Chinese Tourists
At the world's great monuments, it's not just the souvenirs that are made in China. It's also—increasingly— the crowds. In 2007, some 30 million citizens of the People's Republic traveled abroad; by the end of this decade, that number is expected to hit 100 million. (America should be especially popular: Thanks to a freshly inked travel treaty between the two countries, more than half a million Chinese a year are predicted by 2011, up from 66,000 in 1990.) The typical one- to two-week itinerary often burns through a new city or country every day, hitting all the traditional photo ops—tallyho, British Museum! g'day, Sydney Opera House!—and leaving plenty of time for shopping at the flagship stores of Rolex and Vuitton. Even the Chinese, it seems, are wary of knockoffs."

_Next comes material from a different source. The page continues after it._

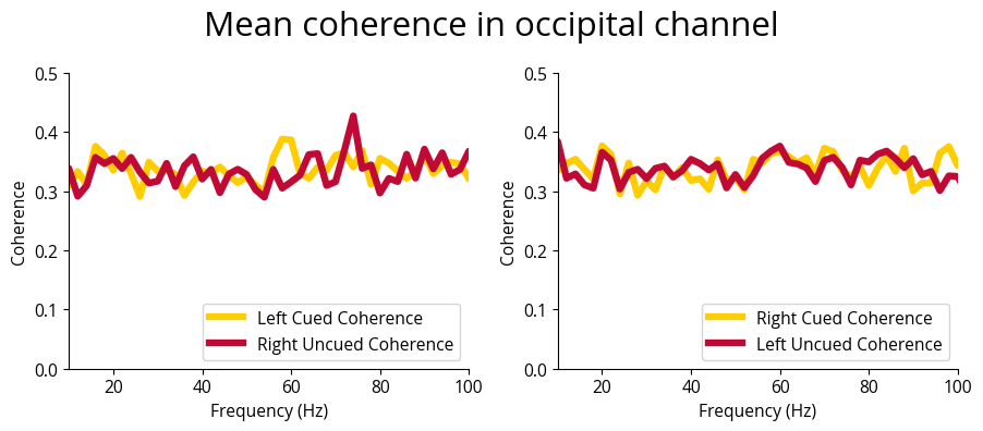 fig.suptitle(f'Mean coherence in occipital channel', fontsize=font_size)

Photographed by Massimo Vitali at Rome's Arch of Constantine and Colosseum on May 8, 2008
Paul Kagame
President of Rwanda
How do you put a country back together again after 800,000 of its citizens—nearly one out of ten, and most from the Tutsi tribe—have been brutally murdered by their Hutu neighbors? That is the question former Tutsi rebel leader Kagame confronted when he assumed the presidency in 2000, six years after the genocide first erupted. His answer: clean up corruption, develop the economy, and ban all divisionist talk. He rules with an iron hand, and his countrymen have fallen into line. Ask a Rwandan whether he is Hutu or Tutsi today and you will be told, "We are all Rwandans now." To some, Kagame is part of the problem—a throwback to the nation's twentieth-century authoritarian tradition. But to many in the international-aid community, he is the country's best hope. Under Kagame, Rwanda's economy has grown an impressive five to nine percent a year, and one of his key drives has been tourism, particularly around the magnificent gorilla reserves along the mountainous northern border (see The Week of (Not) Living Dangerously"). In 2007, 39,000 travelers visited Rwanda—a 26 percent increase over 2006. The hope is that Ka-game can set an example for the troubled continent by maintaining peace and stability, while at the same time promoting development, democracy, and true freedom."